The assistant also did not check whether the offer was still available before deploying. On vast.ai, GPU offers are ephemeral — they can be claimed by other users at any time. A deployment request for an expired offer would fail silently or return an error that the assistant might not notice until the next monitoring cycle.
The Deeper Pattern
What makes this message worth examining is what it reveals about the assistant's operating style. The assistant is not deploying instances reactively — it is running an experiment. Each deployment is a probe into the hardware landscape, designed to collect a measurement and update a model. The "for variety" comment is the tell: the assistant is thinking like a data scientist, not a system administrator.

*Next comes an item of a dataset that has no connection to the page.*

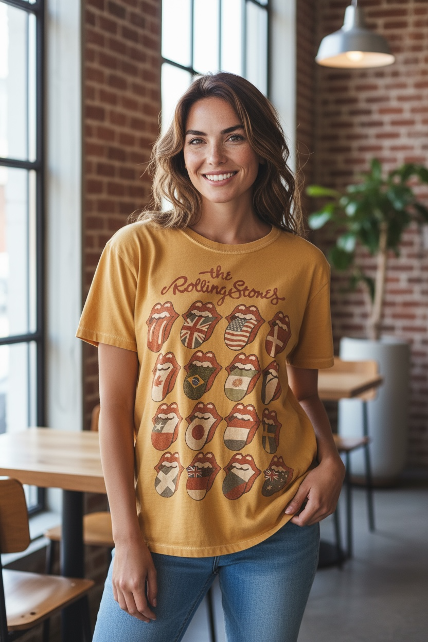 Celebrate rock 'n' roll vibes with this preloved Rolling Stones tee featuring the iconic lips logo in a vintage mustard hue. Softly worn for a lived-in feel, it’s perfect for adding a cool, playful edge to your wardrobe while keeping that timeless band spirit alive.

This experimental mindset is visible throughout the session. When the assistant discovered that the host_perf table was overwriting high scores with low ones, it didn't just fix the bug — it understood the implication (resource contention between instances on the same machine) and adjusted the experimental protocol to keep the maximum measurement. When the RTX 5090 underperformed in Italy, the assistant deployed another one in Illinois to test whether geography or machine-specific factors were responsible. Each failure was not a setback but a data point.

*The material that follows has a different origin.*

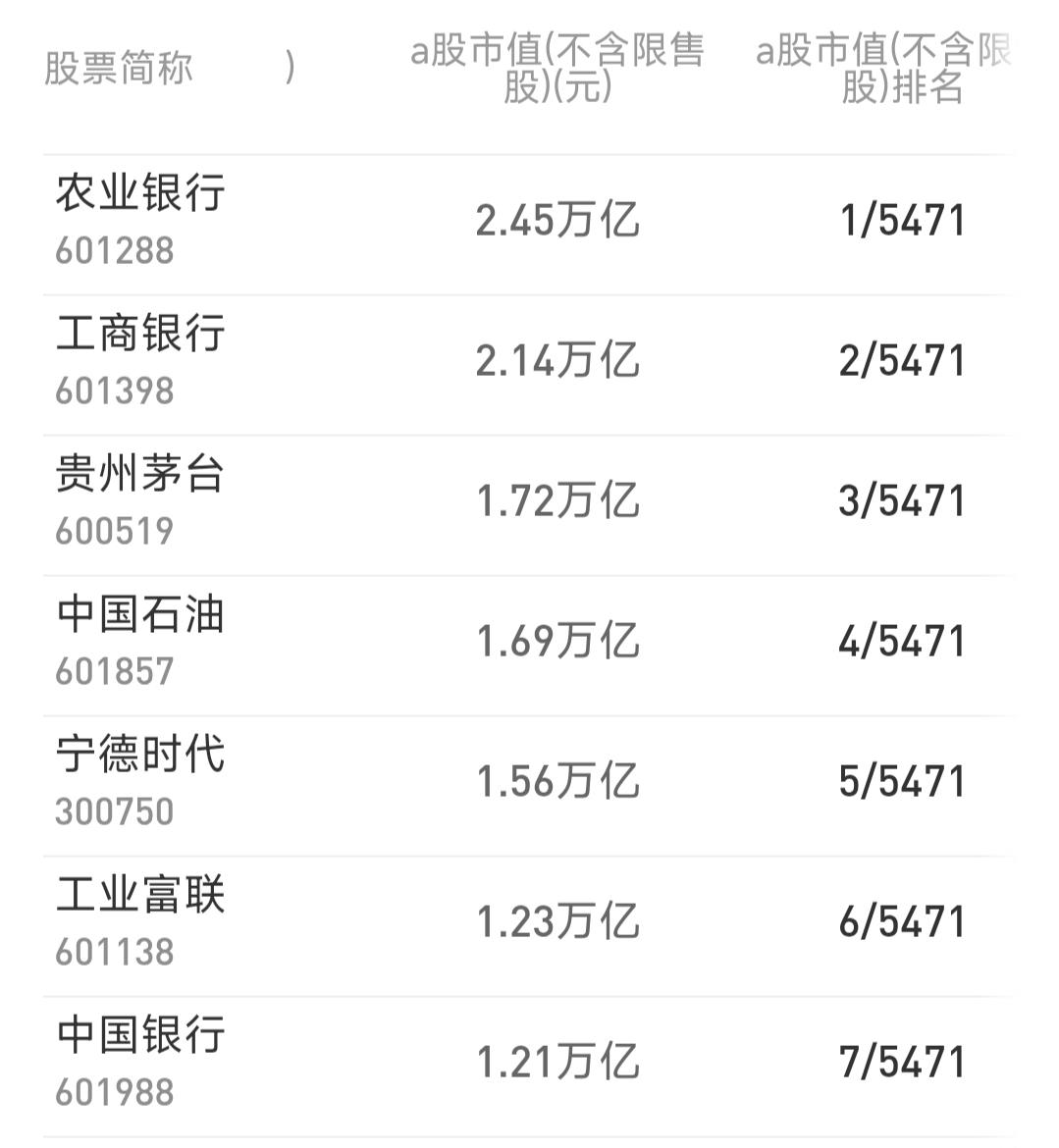 A股7家公司市值破万亿(流通市值) 2025年已经结束了,今年是妥妥的大牛市 太多股票涨幅翻倍,甚至涨了好几倍 散户今年的赚钱比例应该非常高 以下是万亿市值公司名单: 农业银行:2.45万亿 工商银行:2.14万亿 贵州茅台:1.72万亿 中国石油:1.69万亿 宁德时代:1.56万亿 工业富联:1.23万亿 中国银行:1.21万亿

The 2× RTX 4080 Super deployment is the same pattern. The assistant had data on single-GPU performance (RTX 4090, RTX 3090, RTX 5070 Ti, RTX 5060 Ti) and data on one multi-GPU configuration (2× RTX 5060 Ti). But it lacked data on a high-end multi-GPU setup. The 2× RTX 4080 Super filled that gap. Whether the benchmark succeeds or fails, the assistant will learn something: either that this configuration is viable (expanding the pool of cost-effective hardware) or that it is not (confirming that multi-GPU scaling remains a challenge).
Conclusion
Message [msg 1540] is a single deployment command, but it is also a thesis statement for the entire experimental system. The assistant is not just managing instances — it is building knowledge. Each deployment is a trial, each benchmark is a measurement, and each result (whether pass or fail) updates a growing model of which hardware configurations can generate CuZK proofs cost-effectively. The "variety" that the assistant seeks is not aesthetic; it is epistemic. Only by probing the full spectrum of available hardware — cheap and expensive, single-GPU and multi-GPU, new generation and old — can the assistant discover the true frontier of cost-efficient proof generation.

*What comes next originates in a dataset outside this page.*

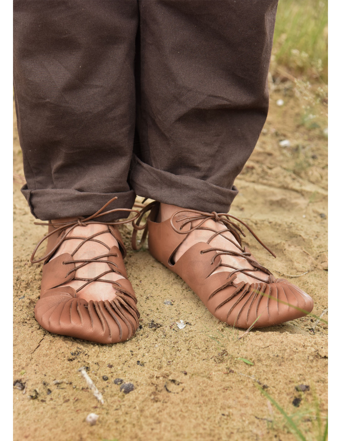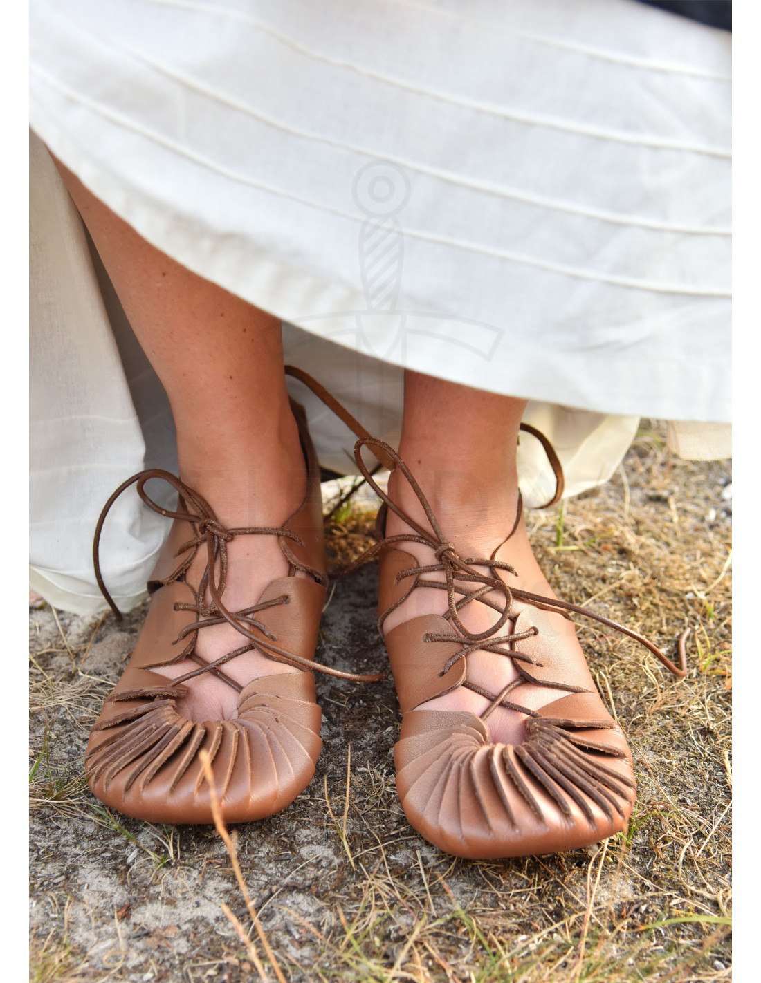 Deres enkle men elegante design med dekorative folder i frontområdet tilføjer ikke blot et karakteristisk og håndlavet præg, men forbinder også med en tradition, der går tilbage til det gamle Rom, hvor disse sandaler var et populært valg på grund af deres komfort og hurtige fremstilling.

In the larger arc of the coding session, this message sits at the boundary between two modes: the operational mode of deploying and monitoring instances, and the investigative mode of debugging the PoRep PSProve failure that would dominate the session's final act. It is a moment of deliberate, systematic data collection before the storm of protocol-level debugging that follows. And it is a reminder that even the simplest actions — a single curl command — can carry the weight of a carefully designed experiment.